Five thousand Chinese applied to go on these junkets, but only 512 of them were able to prove they have the money and the desire to buy. The first group, which I met up with, consisted of only 21 tourists, but was originally supposed to have 40. Many couldn't get visas in time. Some have never even been to the United States before.
"Most of these visitors are at the top level of society in China," says Osman Wei, Executive Director of the California Chamber of Commerce Foundation. Wei's group is hosting the tourists during their first stop, Los Angeles. From here they will house hunt in Las Vegas, San Francisco, Boston and New York.
Why buy here? "Because the housing market in China is going crazy in the last five or six years," says Wei, who adds that while prices in Beijing and Shanghai are falling, they're not falling as much as they are here. "The payback would be a lot better (in the U.S.) than what they can do in China."
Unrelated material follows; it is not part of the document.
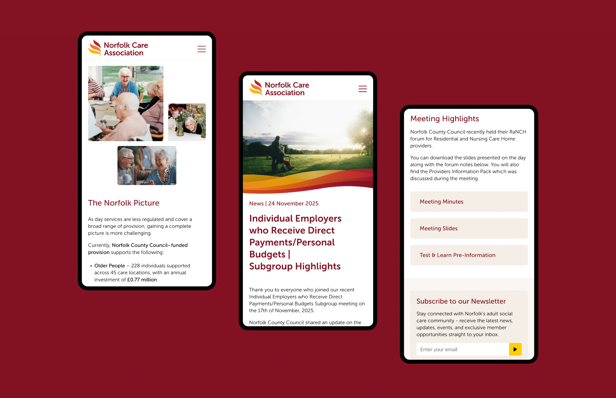 Norfolk Care Association is the representative voice for social care providers across Norfolk and Waveney, supporting a diverse network of organisations through advocacy, collaboration and sector insight.

The tourists include Yin Guohua, a lawyer from Beijing who is looking for a place where he can stay when he visits with his son. "My budget is about a half million dollars," he said through a translator. As he looked over a home in the Los Angeles suburb of Corona, he commented that "the prices are pretty good, but if they go down, they'll be better." Most of the tourists are looking to spend between $300,000 and $800,000. Some are searching for the lowest prices—especially in foreclosures—while others are interested in finding homes near good schools. Many say they may want to send their one-child-per-family to the States to be educated, and they'll need to find that child a place to live. One woman who helped organize the trip, Ting Yang, says she's most interested in looking at homes in Boston. Boston, as in Harvard and MIT. I wonder how you say, "Location, location, location" in Chinese?
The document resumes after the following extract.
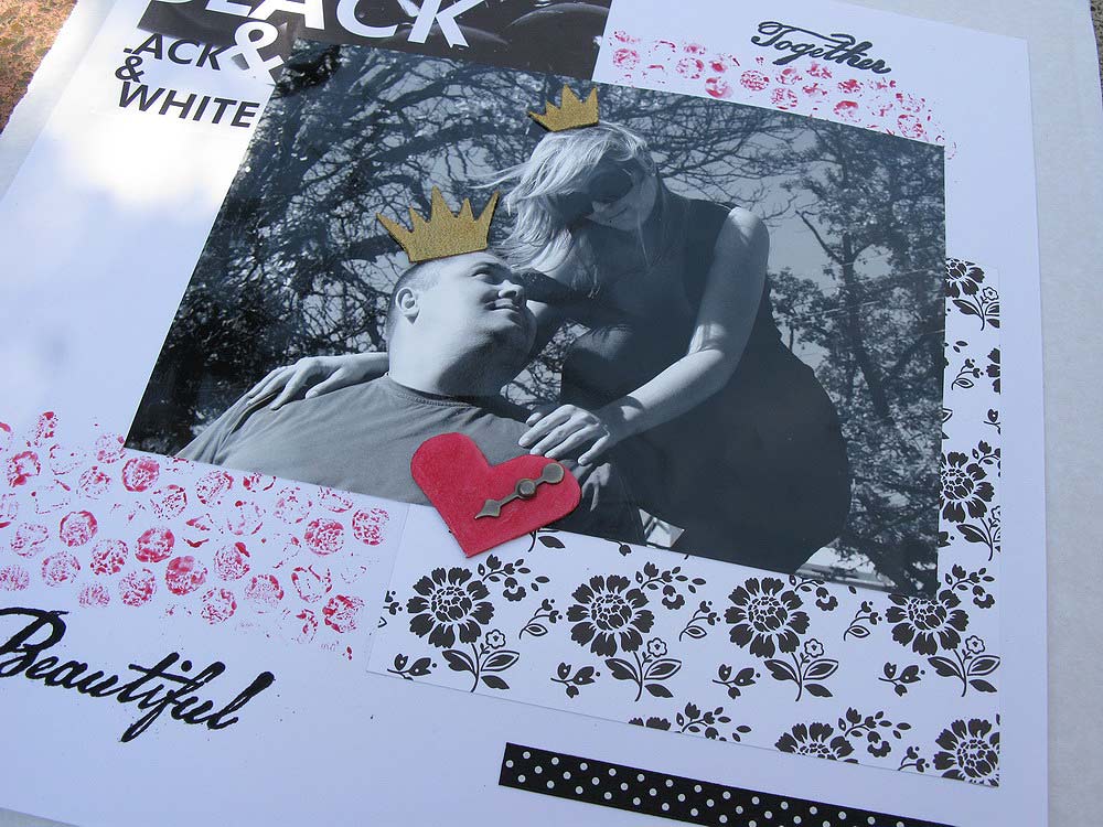 Теперь про материалы. Размер 30×30. Для основы взят картон белого цвета, подложки под фото — два кусочка с черно-белым принтом. Из украшений: короны - горячий эмбоссинг золотой пудрой, надписи — тоже эмбоссинг черной пудрой, сердце вырезала из картона, покрасила акварельной краской, щедро покрыла глосси акцентом и проткнула стрелкой от Тима Хольца, штампинг пластиковыми бульбашками ( не знаю как это правильно называется) , которые покрывала той же акварельной краской, кусочек ленточки в горошек

When I asked Osman Wei if the banks owning the foreclosed homes might be concerned about selling to foreigners, he replied, "Actually, it's just totally contrary." He says he went to China in January, and local banks went with him to aggressively market real estate. "The banks are eager to sell the foreclosure property to just get the money back."
But just because the Chinese are here doesn't mean they'll buy. As two women toured a condominium in Pasadena for sale in the high $400,000s, one commented to the other, "It's so small."